From Peter Geoghegan
Subject Re: BUG #17255: Server crashes in index_delete_sort_cmp() due to race condition with vacuum
Date
Msg-id CAH2-WznO02LHO04mgc_U=c6y9+VBXfDDTYfOn=c4EHXoHY87HQ@mail.gmail.com
Whole thread Raw
In response to Re: BUG #17255: Server crashes in index_delete_sort_cmp() due to race condition with vacuum  (Andres Freund <andres@anarazel.de>)
Responses Re: BUG #17255: Server crashes in index_delete_sort_cmp() due to race condition with vacuum  (Andres Freund <andres@anarazel.de>)
List pgsql-bugs
On Sat, Mar 12, 2022 at 1:49 PM Andres Freund <andres@anarazel.de> wrote:
> GlobalVisTestFor() doesn't trawl through the procarray to compute horizons. It
> just gets already computed horizons, potentially very approximate ones that
> later will get updated when necessary to determine the visibility of a
> concrete xid.

That much is easy to understand. It's the most significant way in
which the snapshot scalability work improves scalability.
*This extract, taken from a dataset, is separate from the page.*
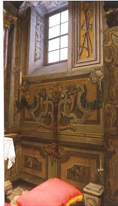
Decorated Wall Cabinet

> You could call GlobalVisTestFor() and then later call call
> vacuum_set_xid_limits() and the test by GlobalVisTestFor() would still be
> accurate.

That seems kinda obvious, since all it does is get the appropriate
state for the relkind of the relation being vacuumed. Typically it
just returns a pointer to GlobalVisDataRels, which is a static
variable in procarray.c.

> The main reason to have vistest at all is that for on-access pruning computing
> accurate horizons is excruciatingly expensive - the reason behind procarray
> scaling badly were all the xmin accesses during normal snapshot computations!
> And due to the way the pruning code is used for both vacuuming and on-access
> pruning that kind of bleeds into vacuumlazy.c.  That could have been reduced,
> but it seemed beneficial to allow to update horizons as we go.

That I get too.

> > Periodically refreshing OldestXmin for freezing won't work, though. At
> > the very least it seems much less compelling than the vistest idea.
>
> I think there's a fair bit of value in using an "as aggressive as possible"
> initial OldestXmin. Which is used to set a bunch of cutoffs / determine
> aggressiveness etc.

I just don't think that it makes very much difference, since we're
only talking about freezing here -- which is not something we tend to
be too eager with anyway (FreezeLimit is very seldom the same as
OldestXmin, etc).

Maybe it could take a long time for vac_open_indexes() to return, but
that's really an edge case. I'm puzzled why you're placing so much
emphasis on this. I can see why that's valuable in a theoretical
abstract kind of way -- but that's about it. And so it feels like I'm
still missing something.

> Once we compute "measured" relfrozenxid however, there's afaict otherwise not
> much point in updating OldestXmin as we go, at least if we start to use
> vistest for the horizon determinations inside vacuumlazy.c.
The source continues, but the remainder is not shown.